■ Supplied information:
......

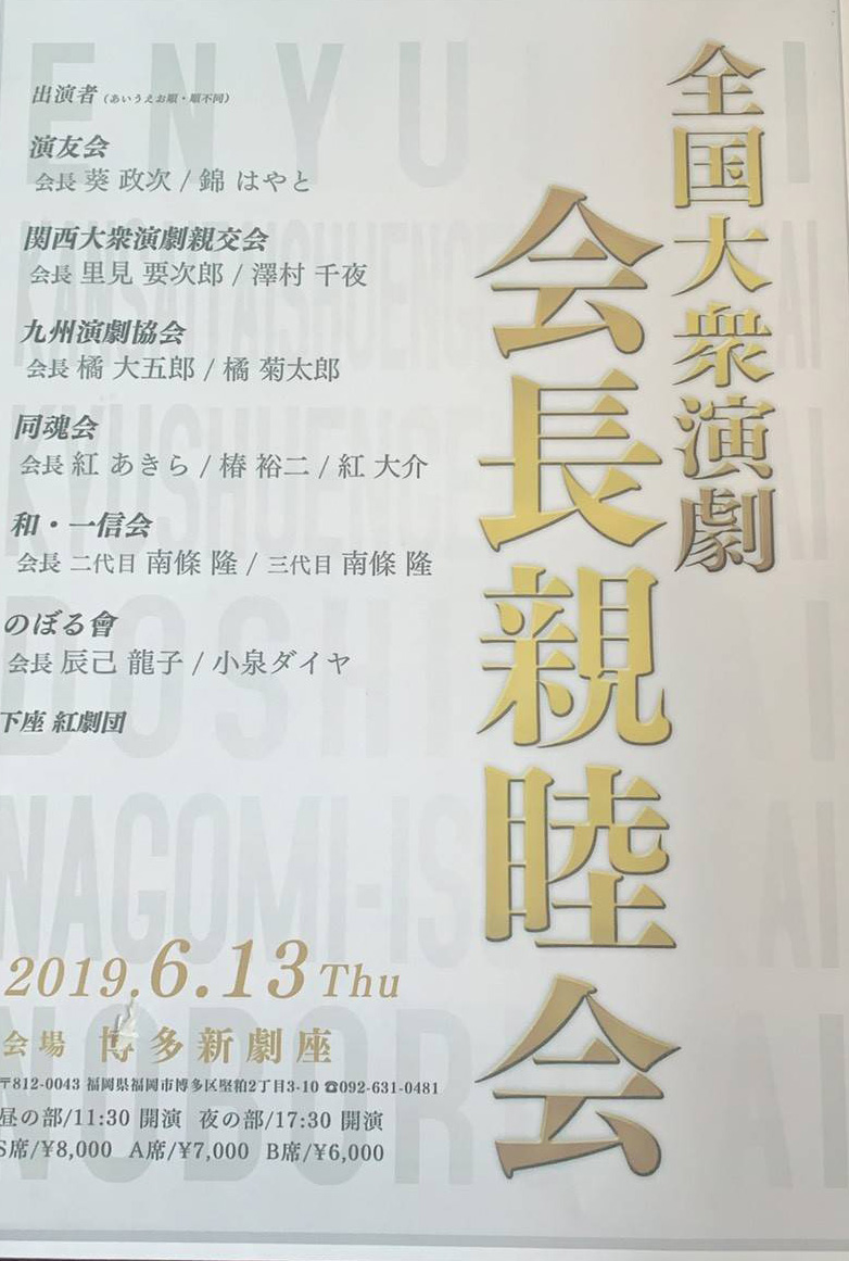 6/13 全国大衆演劇 会長親睦会 2019年05月22日 2019年06月 0 6月13日(木)全国大衆演劇 会長親睦会 http://sakua0902iv.blog.shinobi.jp/Entry/1343/ [0回]
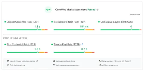 Finally, we addressed a major interaction bottleneck identified via Vercel’s Speed Insights. The cookie notice was responsible for poor INP scores, so we replaced it with a more performant solution using UserCentrics, bringing the INP down from 260ms to 80ms.
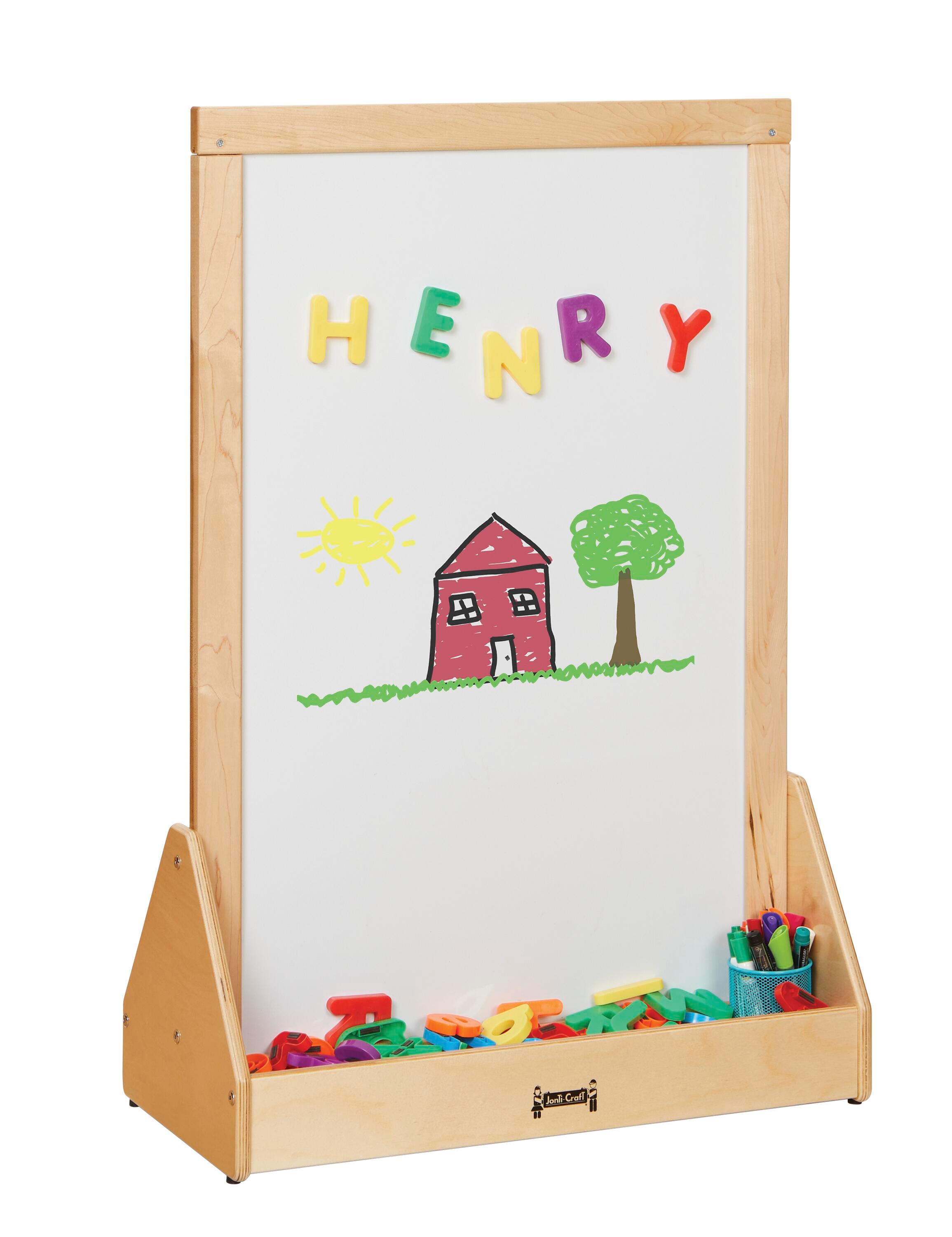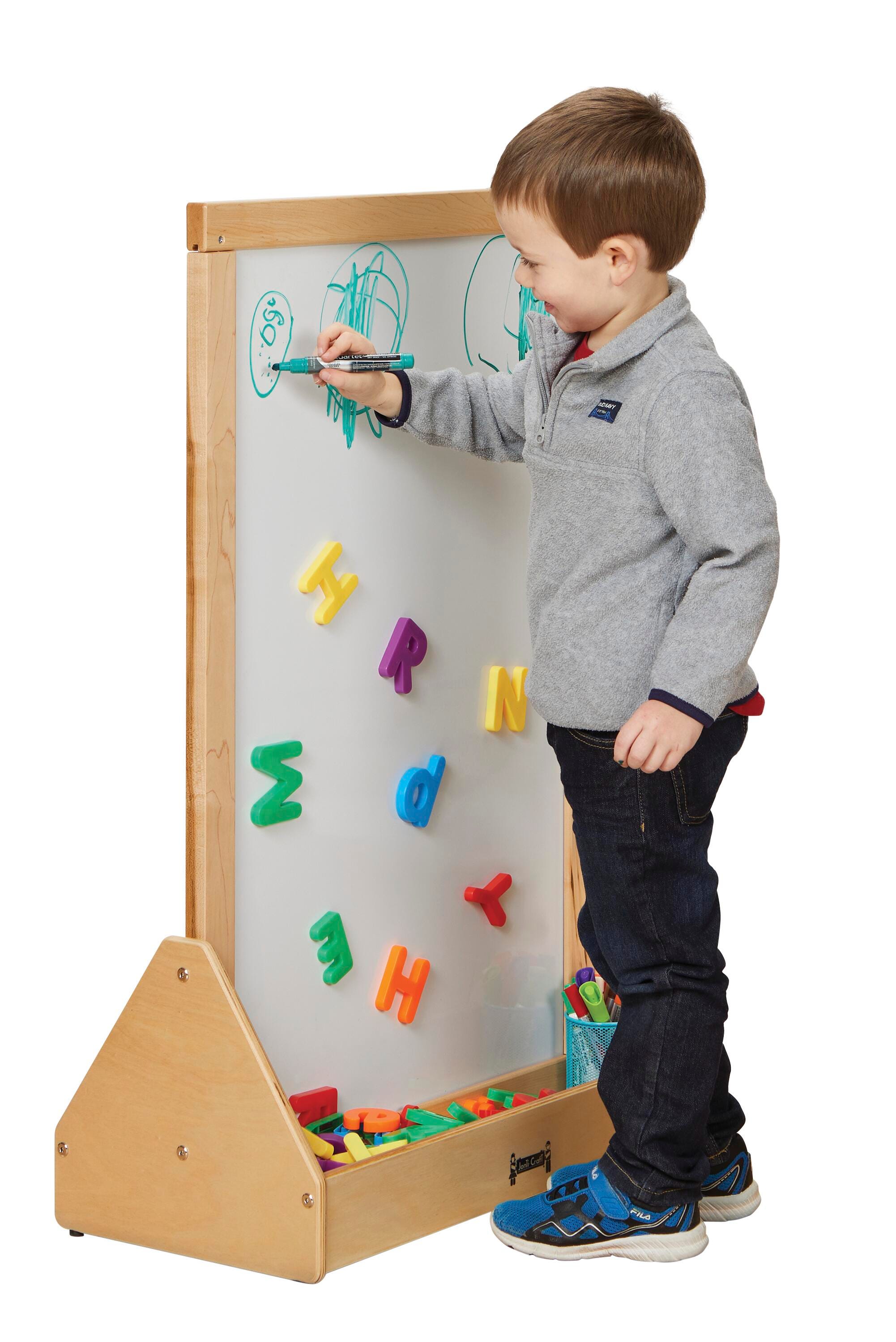 This standing board is the perfect height for children in Pre-K and features a double-sided Magnetic Write-n-Wipe panel for loads of creative fun! Children can spell out words with magnetic letters, draw their favorite pictures with dry-erase markers, or explore their favorite STEM and STEAM activities with magnetic gears, levels, and other learning aids (not included). At the bottom of the board, there is a handy tray for storing these supplies as well as catching any falling items during experiments. The Magnetic Write-n-Wipe Panel is 20-1/2 W x 31-3/4 H inches.Features

......

■ Task goal:
Write out nothing but the lines from the start of the data through the line with "Finally, we addressed". Leave out the pictures.

■ Response area:
 6/13 全国大衆演劇 会長親睦会 2019年05月22日 2019年06月 0 6月13日(木)全国大衆演劇 会長親睦会 http://sakua0902iv.blog.shinobi.jp/Entry/1343/ [0回]
 Finally, we addressed a major interaction bottleneck identified via Vercel’s Speed Insights. The cookie notice was responsible for poor INP scores, so we replaced it with a more performant solution using UserCentrics, bringing the INP down from 260ms to 80ms.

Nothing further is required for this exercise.